I am not here to save lives. It's not true. Why should I care?
"It's not torture. It's interrogation," Waltraud explains. "A patient escaped the asylum recently while you were locked in here. We are authorized to use shock therapy to get confessions from the patients neighboring his cell."
I jump to my feet and pace to the door, sliding open the small square window to look at her. "Are you saying someone actually escaped the asylum?" I can't hide the excitement.
"You look so happy about it, Alice," Waltraud sneers. "Come on. Show me you're mad.

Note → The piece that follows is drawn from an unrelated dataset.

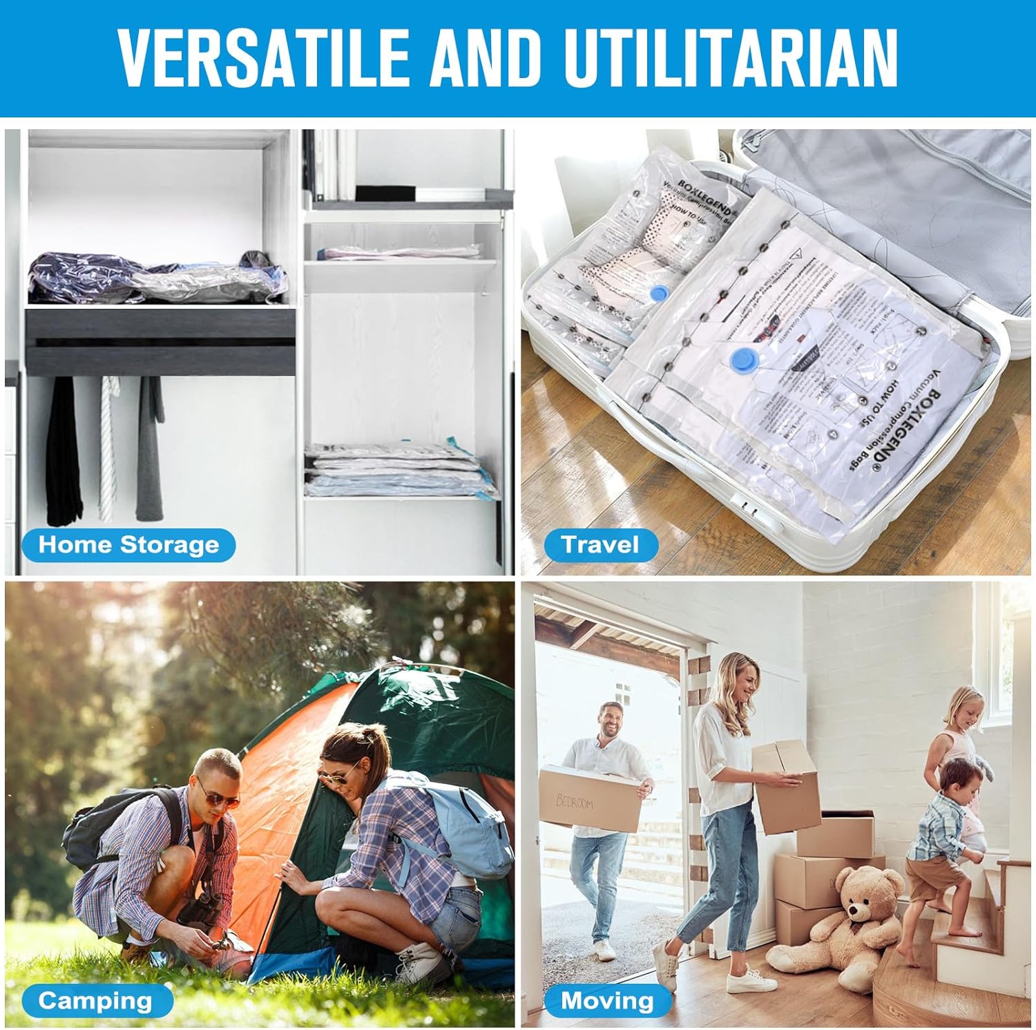 Each bag features a double zip seal and a leak valve, ensuring that your items remain protected from moisture and dust. These bags are reusable, making them an eco-friendly choice for storage. With BoxLegend vacuum bags, you can keep your wardrobe organized and your suitcase packed efficiently.

Give me a reason to send you to the Mush Room. You want to exchange places with the poor girl inside?"
My face tightens instantly. I spend my days and nights in my creepy cell, safe from Waltraud's harm—and safer from my own terrible mind. I need to learn to control my urges.
Be reasonable, Alice. Last week was all in your head. You've never been to the Vatican, the Grote Markt in Belgium, or to Westminster Palace in London. If you want proof, it's easy. Think of why the Pillar never sent for you again. Why Fabiola never entered your cell again. Why your sisters and mother never visited again. It's better not to care about the escapee as well. Even if you escaped, there is no one out there waiting for you outside.
"Play the 'sanity' game all you want," Waltraud says. "Sooner or later, your brain will be mine to fry." She laughs. An exaggerated laugh, the way they portray an evil person's in Disney cartoons. I am really starting to wonder why she isn't locked in a cell, unless she is like Hitler, knowing he's mad and persuading the world otherwise. "Now get ready," she demands.
"For what?" I grimace.
"It's time for your break," she tells me. "You're rewarded for your good behavior: a ten-minute walk in the sun."